Озеров сделал длинную паузу.
Американец удивлённо приподнял брови и, чуть прищурившись, ждал.
Тумов отложил длинную нефритовую ручку с золотым пером — подарок монгольских друзей, хмуро покосился на поблёскивающий никелем аппарат: “Может, замолчит?”
Телефон продолжал звонить.
Тумов с сожалением пробежал глазами последнюю фразу рукописи: “Можно утверждать, что источником нейтронного излучения Земли являются не её недра, а атмосфера, где свободные нейтроны возникают под воздействием космических лучей. Следовательно…”
Телефон не унимался.
Тумов поморщился, сердито забарабанил пальцами по столу. Даже в воскресенье не хотят оставить в покое. Не мудрено, что работа над докторской диссертацией подвигается так медленно.
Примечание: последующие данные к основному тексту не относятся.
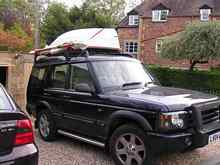 Getting the dinghy on the car for its maiden voyage proved to be a bit of a struggle , more due to the size rather than the weight, the car is over 6 foot high so it's a long way up to push a dinghy and the spare wheel does tend to catch on the way down if care is not taken. To make the job a bit easier I have installed a piece of drain pipe on the rear roof rack member for protection as the dinghy slides on and off. You will probably notice that it is on the front in this picture, my only defence is to say that it was a very early start that day.
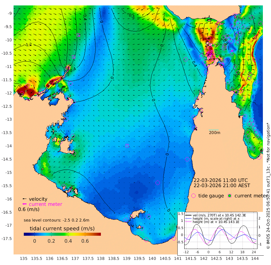 19cm/s 143T +3cm/s rms + 7cm/s -42T. ARA-GOC87 57m 13cm/s -20T +3cm/s rms + 2cm/s -2T. ARA-GOC87 60m 23cm/s 134T +2cm/s rms + 3cm/s 61T. ARA-GOC87 47m -51cm Daru -41cm Bobo Island 1cm Meer Island Barge -5cm Bramble Cay -33cm Unnamed Cay -20cm Pearce Cay -19cm Stephens Island -24cm Merrie England Shoals -47cm Mutacomal Reef -28cm Darnley Island Barge 9cm East Cay -45cm Yorke Island Barge -30cm Rennel Island -41cm Aureed Island -46cm Dungeness Reef -78cm Zagai Island -68cm Yam Island -76cm Dauan Island -91cm Saibai Island -68cm Phipi Reef -81cm Warrior Reef - West -45cm Mabuiag Island Barge -31cm Half Way Island -44cm Coconut Island -45cm Dugong Islet -53cm Poll Island -50cm Kirkcaldie Reef -64cm Suarji Island -72cm Sue Islet 56cm Hawkesbury Island -44cm Alert Patches -45cm Twin Island 39cm Badu Island -58cm St Pauls (Moa Island) 24cm Kubin (Moa Island) -26cm Ince Point -8cm Thursday Island -14cm Nardana Patches 20cm Turtle Head 32cm Round Island 64cm Goods Island 82cm Booby Island 84cm White Rocks Area 46cm Carpentaria -39cm Papou Point 70cm Bampfield Head 79cm Crab Island 78cm Red Wallis Island 47cm Packe Island -44cm Harrington Reef 48cm Herald Camp -32cm Sharp Point 26cm Red Island Point -15cm Possession Island -57cm Alpha Rock -47cm Frederick Point -48cm Wyborn Reef Light -53cm Tetley Island -5cm Triangle Reef -31cm Turtle Head Island 2cm Maclennan Cay 24cm Raine Island -28cm Mcsweeny Reef -24cm Collette Reef -4cm Shadwell Reef -23cm Hannibal Island 3cm Round Point 72cm Vrilya Point -4cm Cape Grenville 4cm Hicks Island -7cm Sir Charles Hardy Island -2cm Harvey Island 7cm Kay Reef 13cm Rocky Island 22cm Chapman Island 15cm Ham Reef 13cm Jubilee Reef 13cm Night Island 20cm Unnamed Reef No. 3 18cm Morris Island 18cm 1st 3 Mile Opening 16cm Creech Reef 20cm Fife Island 26cm Eden Reef 17cm Stanley Island 22cm Normanby River 167cm Yabooma Island 177cm Hutchison River 161cm Elcho Island 157cm North West Crocodile Island 70cm Cape Wessel 129cm Stevens Island 19cm Guluwuru Island 119cm Hopeful Bay 95cm Auster Point 92cm Two Island Bay 122cm Cadell Strait -101cm Mallison Island 31cm Melville Bay (Gove Harbour) 33cm Truant Island 8cm Cape Arnhem -8cm Cape Grey -12cm Hawk Island -20cm Milner Bay (Groote Eylandt) -22cm Cape Beatrice -51cm West Island -47cm Centre Island -47cm Mornington Island -50cm West Wellesley Islands -54cm Bountiful Island -26cm Albert River Mouth -39cm Sweers Island -24cm Karumba -21cm Nassau River Offshore -7cm Christmas Creek 29cm Archer River 24cm Boyd Point 41cm Weipa (Humbug Point) 48cm Pennefather River 52cm Cullen Point
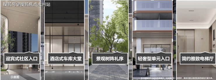 社区打造“峰境五重归家礼序”:巡宾式社区入口→酒店式车库大堂→景观树阵礼序→轻奢单元入口→雅致电梯厅,归家动线充满仪式感。
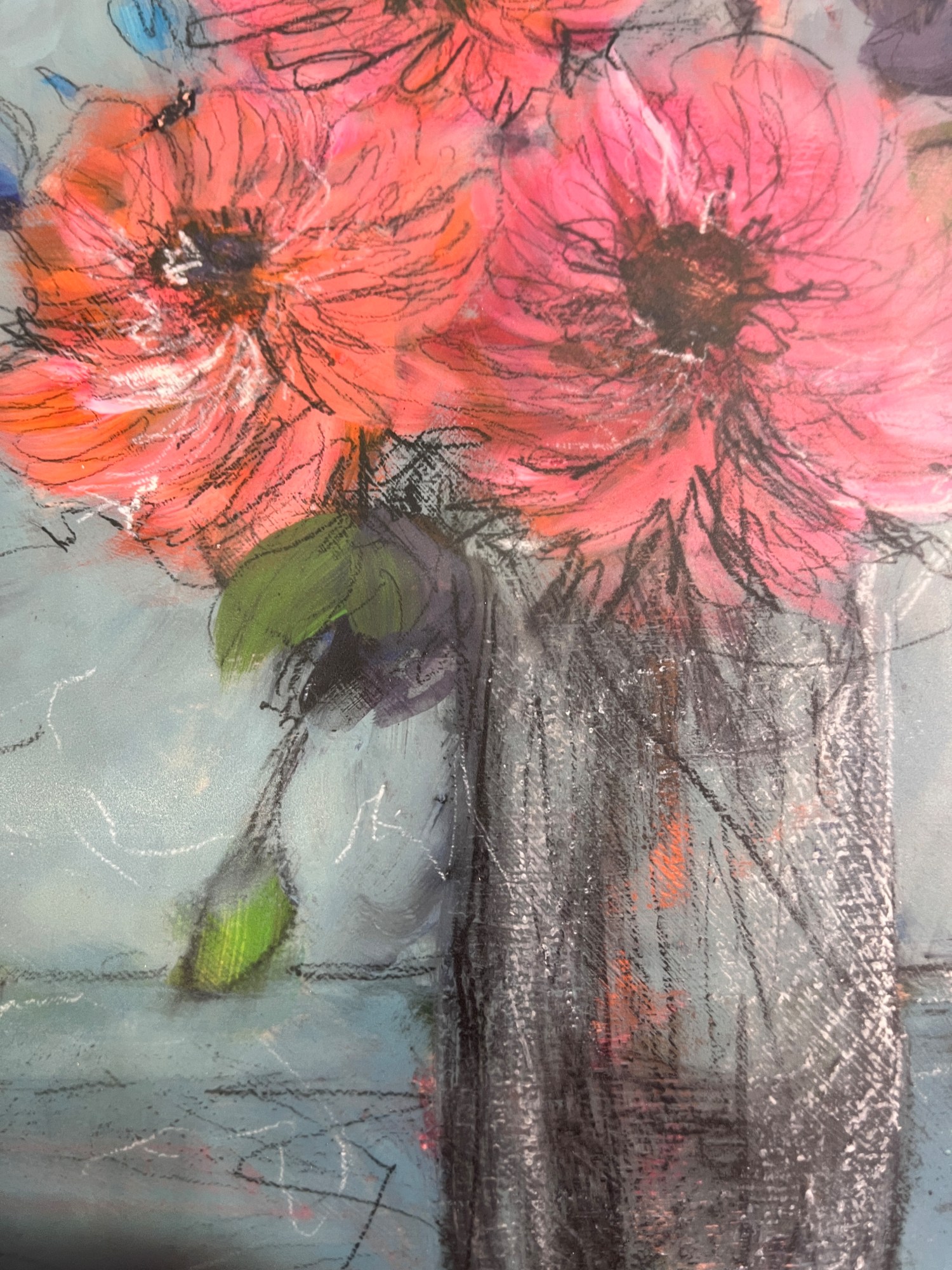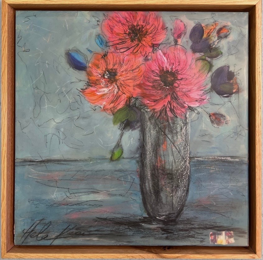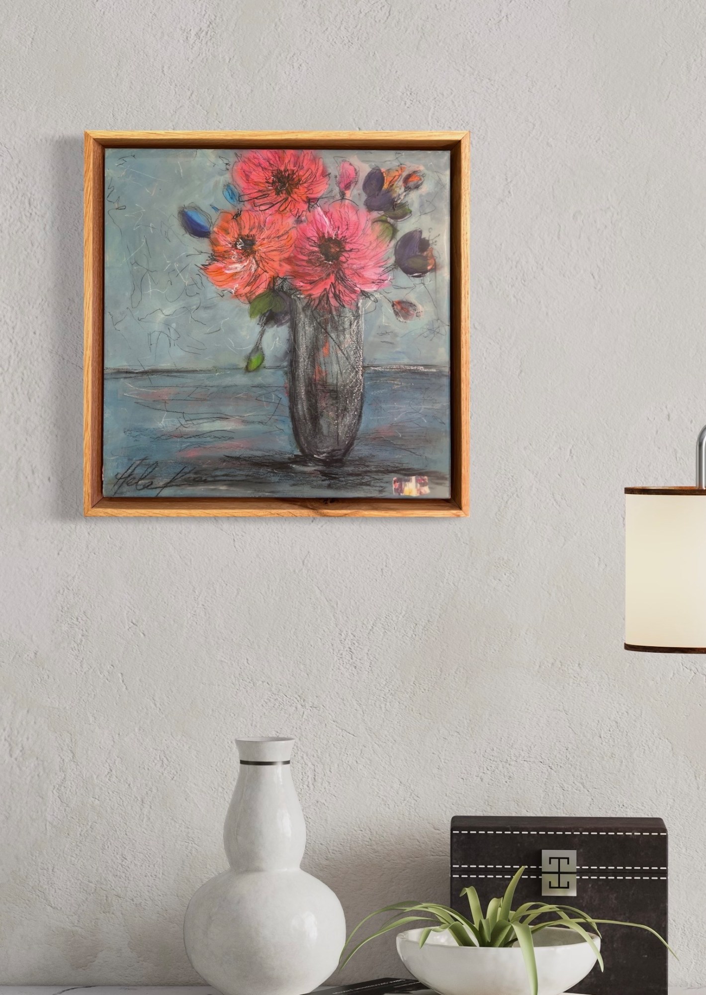 Mixed Media : Encaustic Wax & Acrylic on Wood, Oak Frame

Резко отодвинул исписанные листки:
— Да… Игорь Николаевич Тумов у телефона… Откуда?.. Из Министерства иностранных дел?.. Гм…
Он откинулся в кресле, пригладил рыжеватые седеющие волосы:
— Да-да, слушаю; только, признаться, не могу понять, при чем тут я…
Голос в телефонной трубке журчал монотонно, но внятно:
— Юго-западная Монголия… Заалтайская Гоби… Хребет Адж-Богдо… сорок пять градусов северной широты… девяносто пять градусов восточной долготы…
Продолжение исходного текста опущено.